■ **Task objective**
Could you reproduce, from the records below, everything from the line with "桌面上的盘子里的美味可口的陈皮白茶叶" down to the line with "5 февраля. Сотрудники", keeping both of those lines and changing nothing?

■ **Record excerpts**
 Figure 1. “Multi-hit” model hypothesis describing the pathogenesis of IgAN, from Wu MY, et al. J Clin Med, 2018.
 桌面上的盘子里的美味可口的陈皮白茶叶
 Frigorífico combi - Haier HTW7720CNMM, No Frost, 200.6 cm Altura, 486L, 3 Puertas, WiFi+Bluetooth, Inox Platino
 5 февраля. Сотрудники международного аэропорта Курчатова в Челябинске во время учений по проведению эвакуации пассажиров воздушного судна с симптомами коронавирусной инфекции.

---

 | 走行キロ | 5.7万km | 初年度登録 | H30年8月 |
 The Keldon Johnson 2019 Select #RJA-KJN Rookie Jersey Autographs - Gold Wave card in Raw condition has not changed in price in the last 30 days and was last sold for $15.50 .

■ **Response area**
 桌面上的盘子里的美味可口的陈皮白茶叶
 Frigorífico combi - Haier HTW7720CNMM, No Frost, 200.6 cm Altura, 486L, 3 Puertas, WiFi+Bluetooth, Inox Platino
 5 февраля. Сотрудники международного аэропорта Курчатова в Челябинске во время учений по проведению эвакуации пассажиров воздушного судна с симптомами коронавирусной инфекции.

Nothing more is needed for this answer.